What metric will make this a model of hyperbolic geometry?

109 Views Asked by At

Consider (a hyperbola after substitution) $\log(x)\log(y)=1$ revolved about the line $f(x)=x.$ Consider a projection from the origin which maps points on the revolution of $\log(x)\log(y)=1$ to the revolution of $g(x)=1-x$ about $f(x),$ bijectively. The projection is given by the revolution of $h_n(x)=x^n,$ $n\in \Bbb R$ about $f(x).$

What metric will make this a model of hyperbolic geometry?

Notes:

a) $\log(x)\log(y)=1$ is a hyperbola with a substitution, and so its revolution is a hyperboloid with a substitution.

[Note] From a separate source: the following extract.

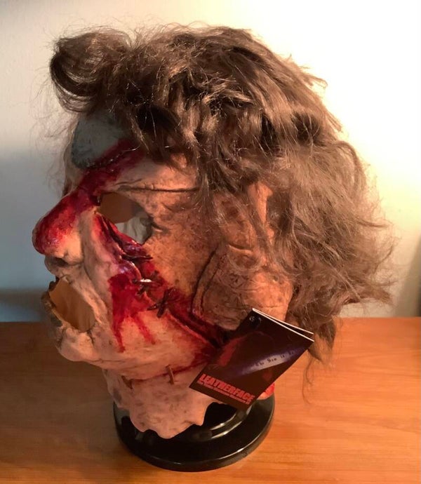 Complete your costume or Halloween horror collection with Leatherface! Sculpted with every detail of Leatherface, portrayed by R. A. Mihailoff, this amazing full-head mask includesthe tattoo on his cheek! A highly detailed replica of the mask worn in the horror sequel, Leatherface: The Texas Chainsaw Massacre III! Every detail of Leatherface is captured in this amazing latex mask. Order this chilling mask and stalk your neighborhood this Halloween Night! Ages 17 and up. [3]

b) The revolution of $h_n(x)$ starting from the origin, passes through the hyperboloid and then through the disk, so it projects points from the hyperboloid to the disk.

1

There are 1 best solutions below

0
On BEST ANSWER

There's nothing special about your example. Any smooth 2-manifold $M$ diffeomorphic to the Poincaré disc $\mathbb D^2$ has a Riemannian metric making it isometric to the hyperbolic plane: simply choose a diffeomorphism $f : \mathbb D^2 \to M$; let $\mu$ denote the standard hyperbolic Riemannian metric on $\mathbb D^2$; and then put the metric $f_*(\mu)$ on $M$. Probably you can use the projection in your note (b) to construct $f$, if you first use a diffeomorphism from $\mathbb D^2$ to the disc mentioned in (b).